Date of Award

9-2009

Document type

dissertation

Access Type

Open Access Dissertation

Degree Name

Doctor of Philosophy (PhD)

Degree Program

Computer Science

First Advisor

Sridhar Mahadevan

Second Advisor

Andrew G. Barto

Third Advisor

Roderic Grupen

Subject Categories

Computer Sciences

Abstract

This dissertation investigates the problem of representation discovery in discrete Markov decision processes, namely how agents can simultaneously learn representation and optimal control. Previous work on function approximation techniques for MDPs largely employed hand-engineered basis functions. In this dissertation, we explore approaches to automatically construct these basis functions and demonstrate that automatically constructed basis functions significantly outperform more traditional, hand-engineered approaches. We specifically examine two problems: how to automatically build representations for action-value functions by explicitly incorporating actions into a representation, and how representations can be automatically constructed by exploiting a pre-specified task hierarchy. We first introduce a technique for learning basis functions directly in state-action space.
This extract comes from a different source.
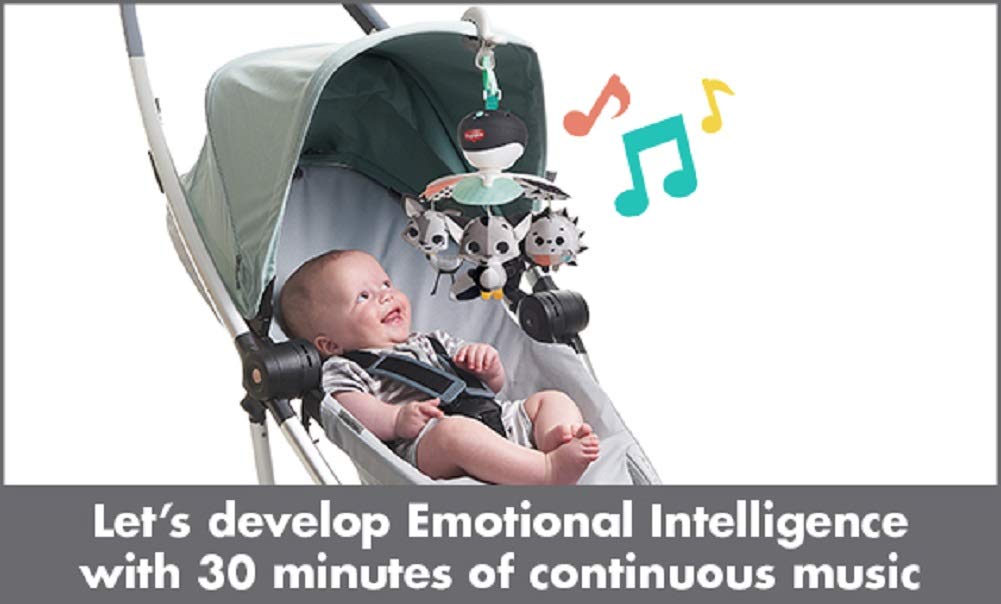 The Magical Tales™ Take-Along Mobile is designed to support your baby’s development at home or on the go. The engaging black and white contrasts and colorful hanging toys spin to provide visual stimulation for babies as their sight is still developing. Babies can practice their communication and language skills, while lying in their crib or sitting in their stroller, by cooing at the smiling characters. The cute Magical Tales toys stimulate baby's senses and encourage the development of fine motor skills. The mobile's clever design makes it easy to attach to most play yards, strollers, and bassinets, making it the perfect travel toy. The mobile features 30 minutes of 5 different melodies to help soothe and amuse your little one. Feeling secure is a crucial element in your baby's development. Having soothing, familiar music available in unfamiliar, new places reassures your baby and supports emotional development. From a very young age, babies will enjoy a sense of security and joy while interacting with this whimsical mobile.

The approach constructs basis functions using spectral analysis of a state-action graph which captures the underlying structure of the state-action space of the MDP. We describe two approaches to constructing these graphs and evaluate the approach on MDPs with discrete state and action spaces. We show how our approach can be used to approximate state-action value functions when the agent has access to macro-actions: actions that take more than one time step and have predefined policies. We describe how the state-action graphs can be modified to incorporate information about the macro-actions and experimentally evaluate this approach for SMDPs with discrete state and action spaces. Finally, we describe how hierarchical reinforcement learning can be used to scale up automatic basis function construction. We extend automatic basis function construction techniques to multi-level task hierarchies and describe how basis function construction can exploit the value function decomposition given by a fixed task hierarchy. We demonstrate that combining task hierarchies with automatic basis function construction allows basis function techniques to scale to larger problems and leads to a significant speed-up in learning.